Common Pitfalls and How to Avoid Them
Prefetch Disabled or Missing
If Prefetch is disabled, cleared, or the system is configured differently, you may have no .pf files for the period of interest. Avoid over-interpreting absence as proof of non-execution. Instead, treat Prefetch as one layer: if present, it is helpful; if absent, you rely more heavily on other execution and access traces.
Shortcut Creation Does Not Always Mean “Opened”
LNKs are often created when a user opens a file, but they can also be created by other actions (e.g., dragging, saving, or application behaviors). Interpret LNKs as evidence of interaction with a target path and corroborate with Jump Lists (opened with an app) and other timeline sources.
Jump List Entries Can Be Pruned
Jump Lists have size limits and can be pruned as new entries appear. A lack of older entries may simply reflect normal rotation. When you see partial history, focus on what is present and correlate with LNKs and Prefetch to fill gaps.
Copying Artifacts Between Systems
In some scenarios (profile migration, backups, manual copying), LNKs or Jump List files could be moved. Volume serial numbers, UNC paths, and internal metadata can help detect inconsistencies. If a LNK references a volume serial number that never appears elsewhere in the case, treat it as a lead that requires confirmation rather than a definitive statement.
Hands-On Mini-Lab: From Suspicious EXE to User Actions
Scenario Setup
You are told a user may have run a portable tool from Downloads and accessed sensitive documents. Your goal is to determine: (1) whether the tool executed, (2) which documents were accessed, and (3) whether a removable drive or network share was involved.
Step-by-Step Mini-Lab Procedure
Step 1: Search Prefetch for the tool name. In C:\Windows\Prefetch, look for a .pf matching the executable name (e.g., TOOL.EXE-*.pf). Parse it and record last run time(s), run count, and referenced paths. Note any references to Downloads, Temp, or user profile directories.

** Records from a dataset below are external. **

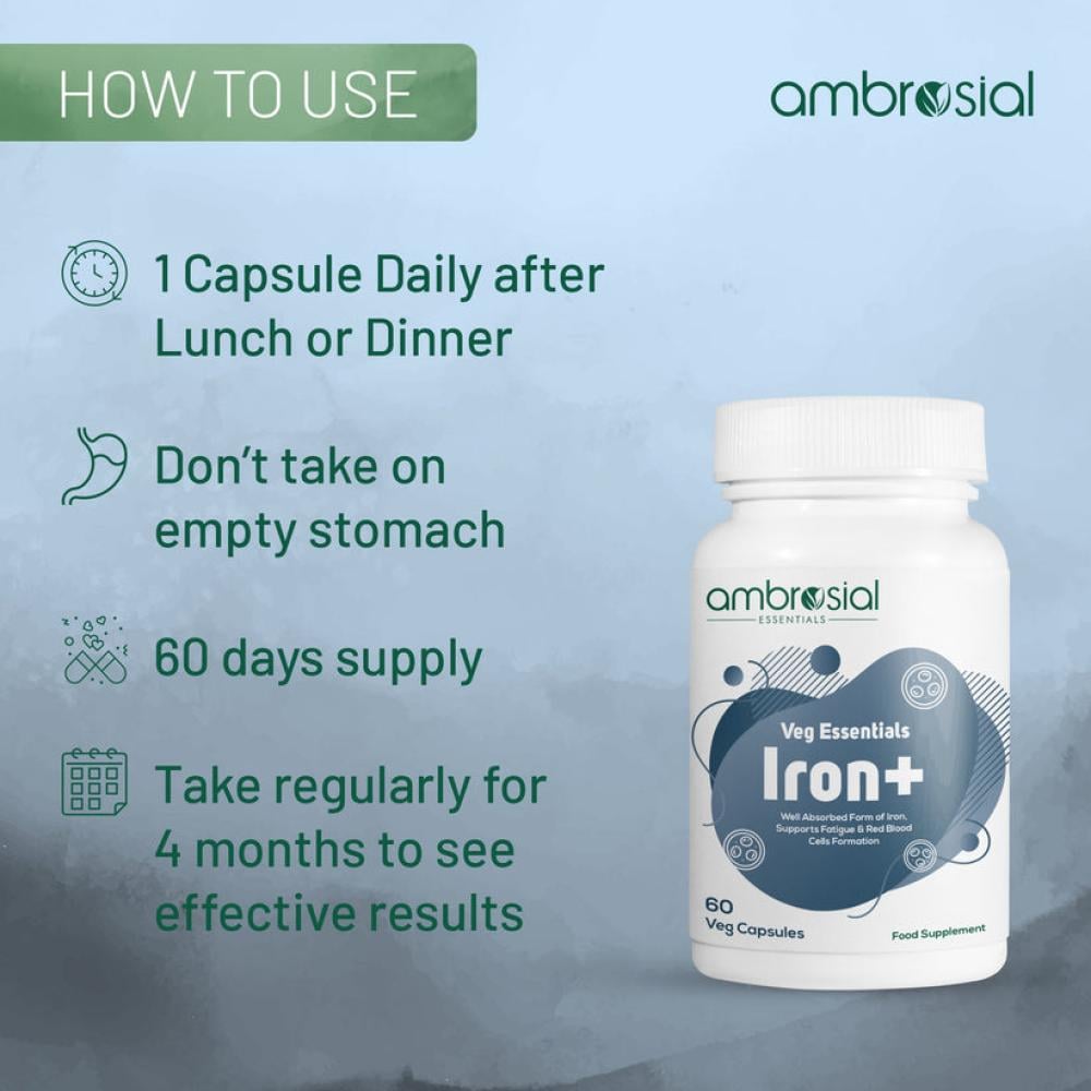 Ambrosial Iron+ 25mg هو مكمل غذائي نباتي مصمم خصيصًا لدعم مستويات الهيموغلوبين وتحسين الأداء البدني والذهني.
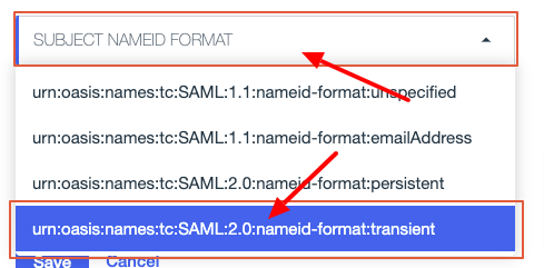 urn:oasis:names:tc:SAML:2.0:name-id:transientを選択します。
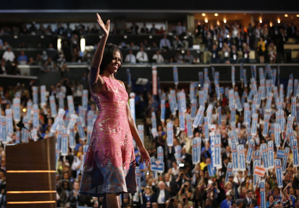 First Lady Michelle Obama waves after addressing the Democratic National Convention in Charlotte, N.C., on Monday. (AP Photo/Jae C. Hong)
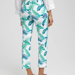 This new iteration of our Brigitte™ Cropped Pull-On Pants feature a slim leg and cropped silhouette with a stunning tropics-inspired palm tree motif. Featuring Chico’s signature So Slimming® built-in shaping solution, extending 180 degrees around you, sculpting and smoothing your shape for a flattering look, and angled front pockets to enhance the effect. The rise sits just below the natural waist, offering comfort and style for festive or everyday wear.
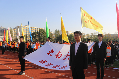 参赛代表队在运动会进行曲中迈着整齐的步伐依次入场。徐悦书记首先致辞,代表学校党政领导向参加本届运动会的全体师生表示诚挚的问候,并对本次运动会提出希望和要求。随后选出体育运动活动中表现突出的运动员作为“十佳运动员”进行表彰,他们分别是刘梓恒、唐红、范志辉、刘永沛、章宸瑄、郑颍、盛泽成、岳涛、李宛林、杨婷;对在2018年江苏省大学生校园篮球联赛(独立学院组)比赛中获得冠军队伍代表进行表彰,他们分别是岳涛、吴雨聪、余盛强、路志鑫、盛泽成、冯帆;对被评选为学校“体育工作积极分子”的六名教师进行表彰,他们分别是冯杭州、庄桂山、李洪全、肖佩琮、朱龙舜、李皓。随后15级汽车2班吴肇章同学与体育部徐小虎老师分别代表运动员和裁判员郑重宣誓。最后由国产视频 体育系王强书记宣布运动会开幕。
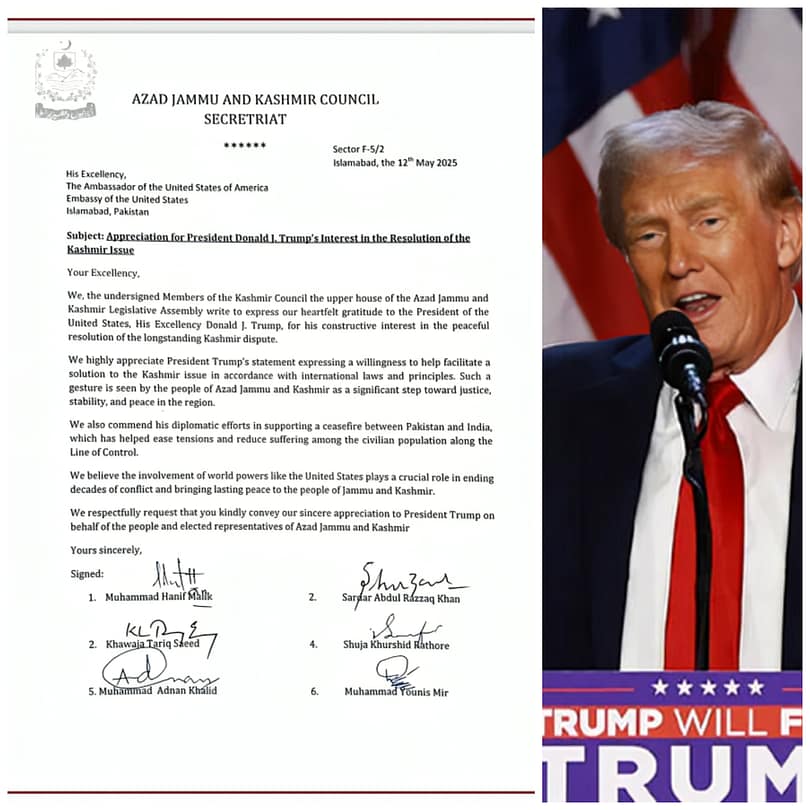Azad Jammu and Kashmir Council members have written a letter of thanks welcoming the US President’s statement on mediation on Kashmir.

Step 2: Identify the likely user. If Prefetch references a path like C:\Users\Alice\Downloads\tool.exe, that suggests which profile to prioritize for LNK and Jump List review.
Step 3: Parse LNKs for that user’s Recent Items. Extract all LNKs from C:\Users\Alice\AppData\Roaming\Microsoft\Windows\Recent. Filter for sensitive folder names and for removable drive letters (D:, E:, F:) and UNC paths (\\). Record volume serial numbers for any removable references.
Step 4: Parse Jump Lists for relevant applications. Focus on Jump Lists for File Explorer and for the applications likely used to open the sensitive documents (e.g., Office apps, PDF readers, archive tools). Filter entries for the same sensitive folder names and for the same removable/network destinations found in LNKs.
Step 5: Build a single activity slice. Create a short table of events around the suspected time window: Prefetch execution time(s) for the tool, Jump List entries showing files opened, and LNK entries showing paths and device/network context. This slice becomes your working narrative and guides deeper pivots (finding the tool binary, related configs, and any staged archives).